There are many minerals which contain silver. A 2.00 g sample of one of these, stephanite, is placed in water and all of its silver ions are released. It takes 2.89 mL of 2.19 M magnesium chloride to precipitate all the silver ions just released as the solid silver chloride. Calculate the mass percent of silver in stephanite to the correct number of significant figures. Assume that stephanite contains no chloride ions.

Answer 1

68.3%

Step-by-step explanation:

First, let us look at the equation of reaction involving silver and magnesium chloride:

2Ag + MgCl2 ----> 2AgCl + Mg

1 mole of MgCl2 is required to precipitate 2 moles of Ag completely from the solution. That is a ratio of 1 to 2.
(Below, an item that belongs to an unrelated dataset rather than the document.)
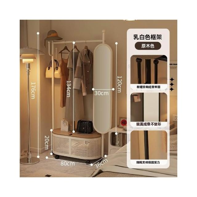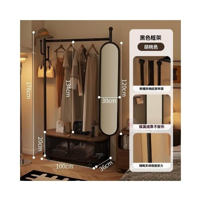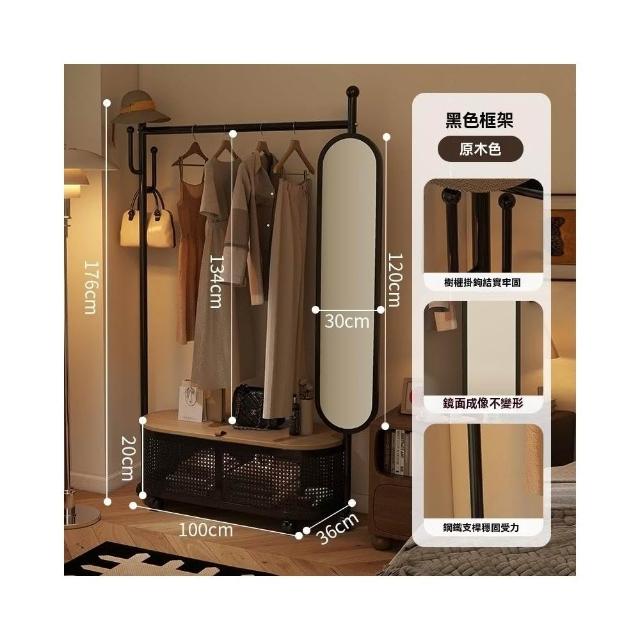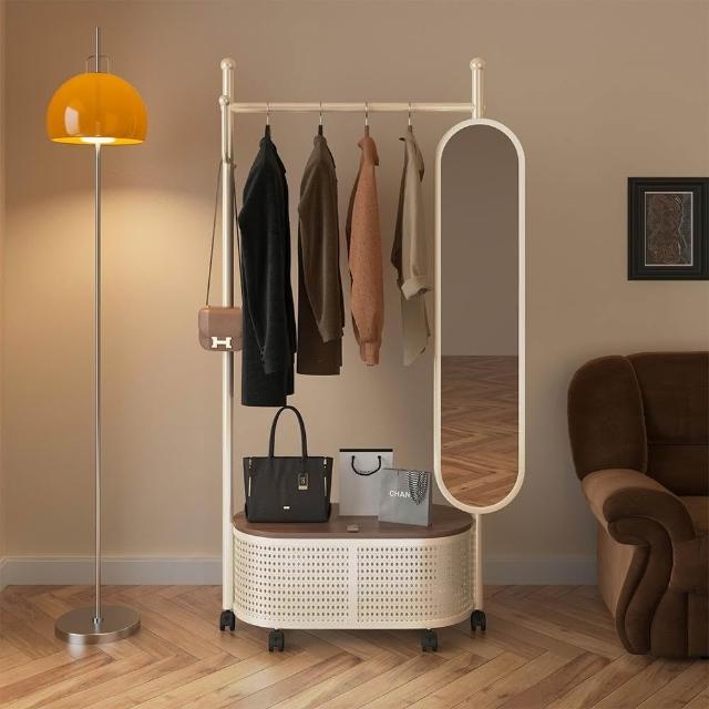 匠藝家居可移動掛衣架帶鏡子 收納架 臥室落地式全身鏡 一體衣帽架 試衣鏡子 置物架子 照鏡/掛衣/置物三合一

Now, mole of MgCl2 used to precipitate all the Ag

= molarity x volume

= 2.19 M x 2.89/1000

= 0.0063291 mole

Since 1 mole of MgCl2 would always require 2 moles of Ag, 0.0063291 mole will therefore require:

0.0063291 x 2 = 0.0126 mole of Ag

This means that 0.0126 mole of Ag is present in stephanie.

Mass of silver in stephanie = mole x molar mass

= 0.0126 x 107.8682

= 1.365 g

Thus, 1.365 g of silver is present in 2.00 g sample of stephanie.

Mass percent of silver in stephanie = 1.365/2.00 x 100

= 68.25% = 68.3% to the correct number of significant figure.